Именно с герценовской “властью” связывал И. С. Аксаков предложенный на рассмотрение Тютчева горчаковский проект: “Между тем герценская “Вольная Русская печатня в Лондоне” не могла не смутить официальные сферы и заставила их серьезно призадуматься: какими бы средствами противодействовать ее влиянию? Но какими же средствами? Все запреты, все полицейские способы возбранить пропуск “Колокола” оказались бессильными. “Колокол” читался всею Россией, и обаяние единственно свободного, впервые раздавшегося Русского слова было неотразимо. В правительственных сферах пришли, наконец, к мысли, что наилучшим средством вывести и общество, и себя из такого фальшивого положения было бы учреждение в самом Петербурге Русского литературного органа, такого органа, который, издаваясь при содействии, покровительстве и денежном пособии от правительства, но в то же время с приемами и развязностью почти свободной газеты, боролся бы с Герценом и направлял бы общественное мнение на истинный путь… Для редакции такого журнала предполагалось пригласить благонамеренных, благонадежных, но однако же авторитетных литераторов… Этот-то проект, сообщенный Тютчеву на предварительное рассмотрение, и послужил поводом к его письму”.

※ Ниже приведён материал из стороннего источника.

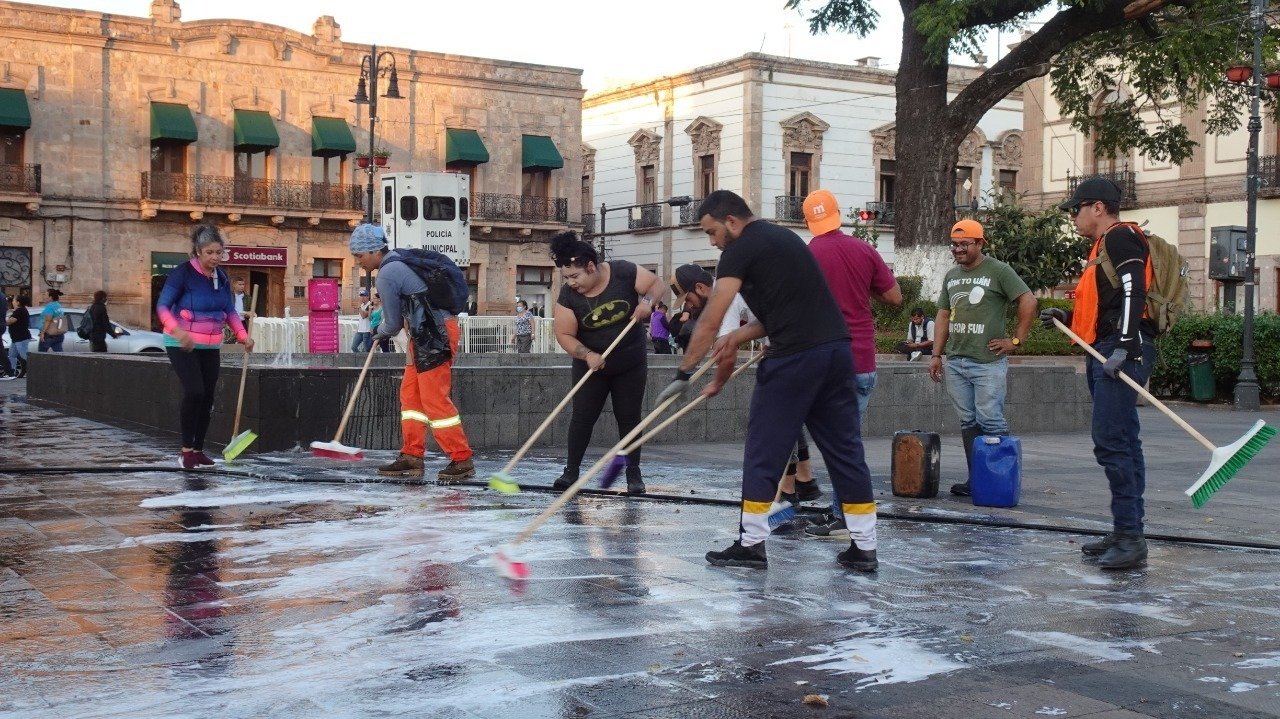 Limpian la Plaza Melchor Ocampo

Тютчев в “Письме о цензуре в России” подчеркивает необходимость “русских изданий за границей, вне всякого контроля нашего правительства”. Он придавал большое значение подобного рода “учреждениям”, призванным в условиях свободной состязательности противостоять либеральной и революционной печати. Советуя М. П. Погодину, добивавшемуся публикации своих “историко-политических писем” в России, печатать их за рубежом, во избежание цензурных сокращений, Тютчев писал ему 13 октября 1857 г.: “После нескончаемых проволочек поставят вам, в непременное условие, сделать столько изменений, оговорок и уступок всякого рода, что письма ваши утратят всю свою историческую современную физиономию, и выйдет из них нечто вялое, бесхарактерное, нечто вроде полуофициальной статьи, задним числом писанной. — Сказать ли вам, чего бы я желал? Мне бы хотелось, чтобы какой-нибудь добрый или даже недобрый человек — без вашего согласия и даже без вашего ведома издал бы эти письма так, как они есть, — за границею… Такое издание имело бы свое значение, свое полное, историческое значение. — Вообще, мы до сих пор не умеем пользоваться, как бы следовало, русскими заграничными к н и г о п е ч а т н я м и, а в нынешнем положении дел это орудие н е о б х о д и м о е. Поверьте мне, правительственные люди — не у нас только, но везде — только к тем идеям имеют уважение, которые без их разрешения, без их фирмы гуляют по белому свету… Только со Свободным словом обращаются они, как взрослый с взрослым, как равный с равным. На все же прочее смотрят они — даже самые благонамеренные и либеральные — как на ученические упражнения…”.